Pero esto que apunta inequívocamente a una comedia negra de enredos (para los memoriosos, un Trampa 22) no está en manos de alguien “civilizado” sino de un energúmeno que pretende una catarsis existencial de proporciones inquietantes (digan Sarajevo en voz baja, a ver si no sienten de qué estoy hablando). Lo que hace Tanovic es compactar la guerra y su país y su gente en el destino de un solo hombre: ése que yace acostado sobre la mina, incapaz del menor movimiento a costa de su vida. Y, para mantener las proporciones, reduce la duración de la guerra (y la de la película) a una sola jornada: desde la niebla previa al amanecer hasta la caída del sol. La cosa se intensifica porque el escenario donde transcurre el episodio es escandalosamente bucólico: una pradera verde donde las tropas, las trincheras, las tanquetas de los Cascos Azules, las cámaras y satélites de los periodistas no pueden parecer más incongruentes (de hecho, en varios tramos de la película, el sonido de las moscas y del viento que mueve las hojas puntúa el crescendo de intriga y ridículo rumbo al clímax crepuscular). Para que la parábola sea todavía más elocuente, Tanovic le suma el factor idiomático: los Cascos Azules son franceses; el experto en explosivos que llega a desactivar la mina es alemán; los equipos de noticias son británicos y yanquis; y en cuanto a los tres “cautivos”, si bien hablan entre sí la misma lengua, para uno de ellos ese idioma es serbio y para los otros dos es bosnio. Y sólo les sirve para insultarse, desearse la muerte y acusarse mutuamente de haber iniciado esa guerra.
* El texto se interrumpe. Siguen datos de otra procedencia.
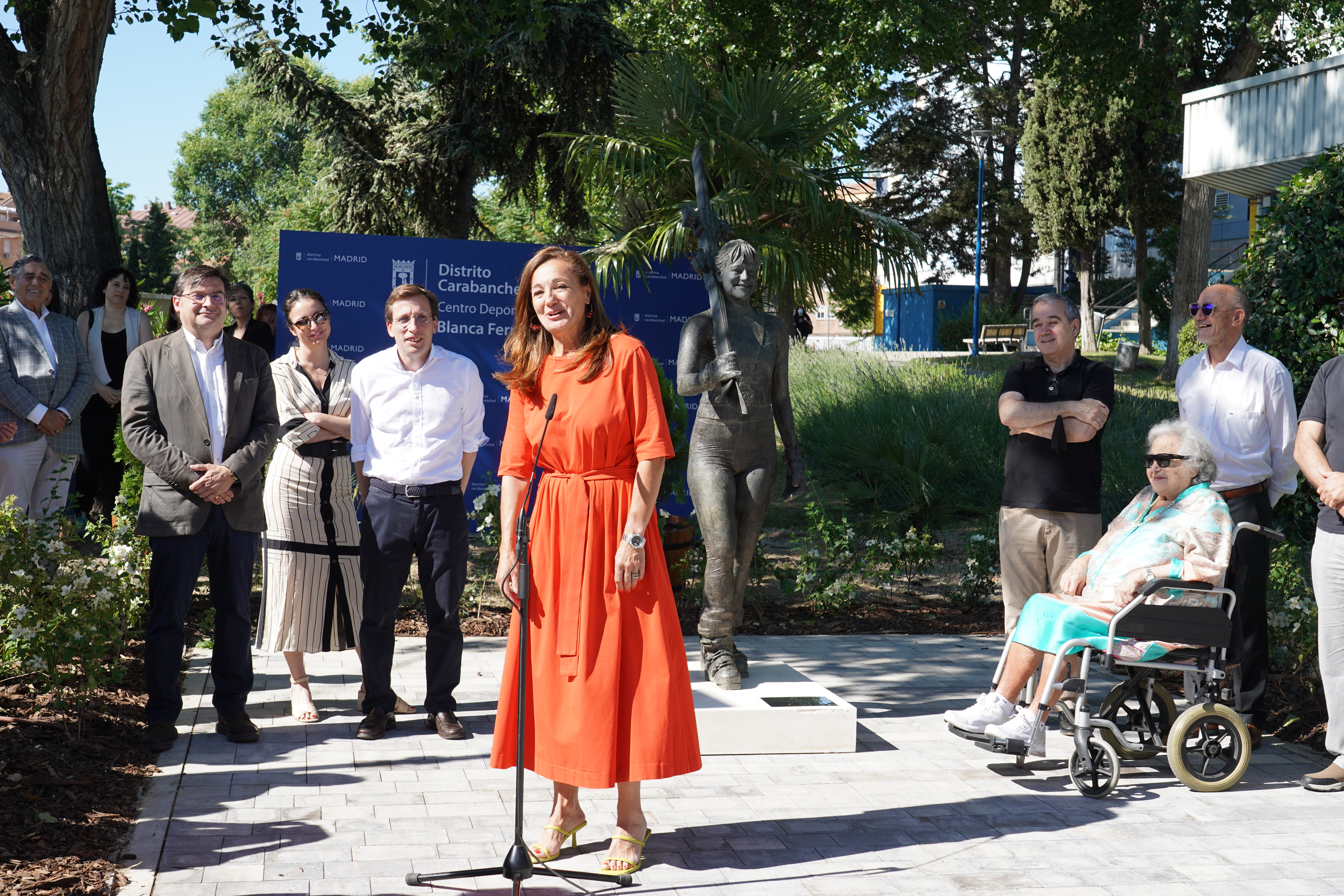 Almeida descubre la estatua en recuerdo a Blanca Fernández Ochoa en un acto de “justicia humana”
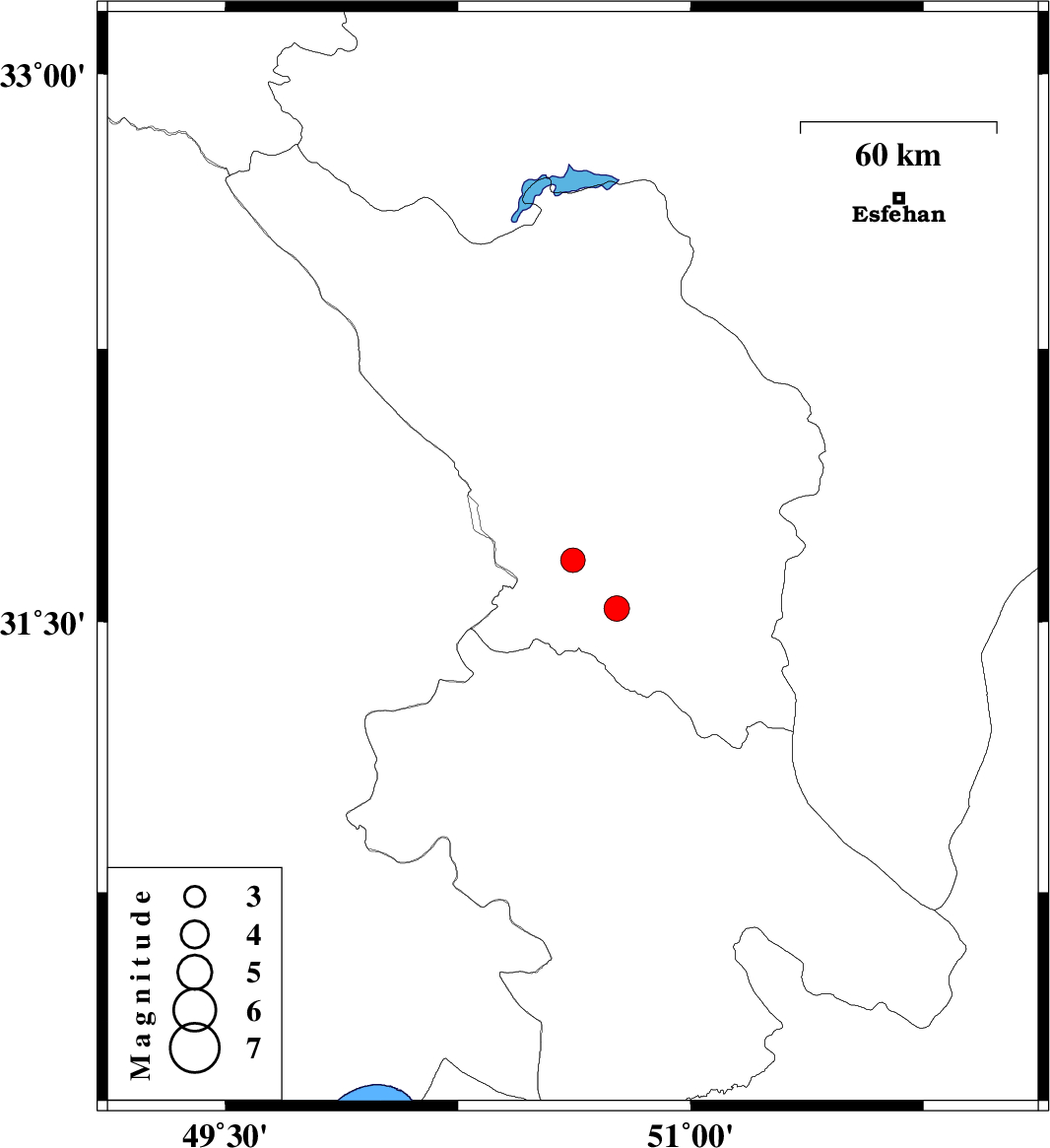 | 2020/07/28 | 03:56:00.7 | 08:26:00.7 | 31.537 | 50.762 | 12 | ML:3.6 | Chaharmahal Bakhtiari Province, 6 km of Lordegan |
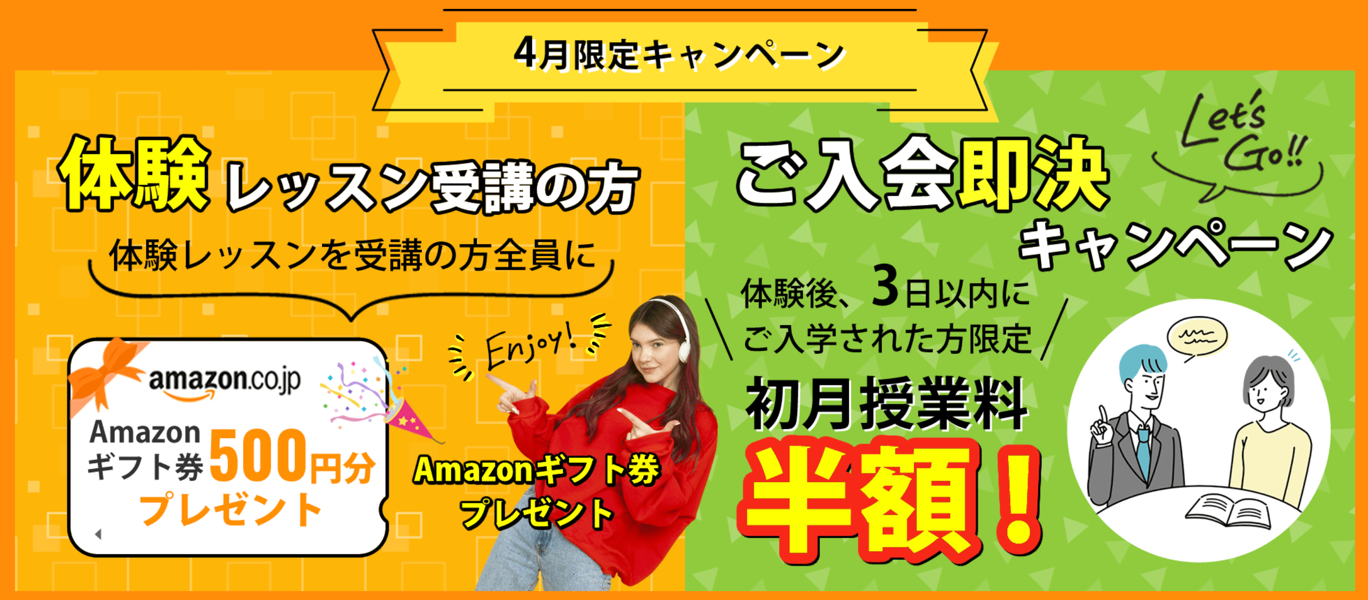 OECランゲージサービスは2022年4月限定で英会話体験レッスンを受講の方、全員にアマゾンギフト券500円分プレゼントいたします。また体験後、3日以内にご入学された方限定で『初月授業料半額』とさせて頂きます。

Tanovic tiene una posición tomada respecto del origen y los responsables de esa masacre. Y, como en el caso de Emir Kusturica, puede vérsela entre líneas en su cine y en trazo más grueso en sus declaraciones. Pero lo que el cine de Tanovic y el de Kusturica, por encima de las diferencias, plantean con mucho mayor fervor y áspera belleza, lo que transmiten al mundo con esos metros de celuloide y con su empecinado ejercicio de la memoria y la cordura, es que había una vez un país, un país noble yhermoso como esa pradera, como ese día de sol, como la callada dignidad de ese hombre inmóvil acostado sobre una mina que puede matarlo.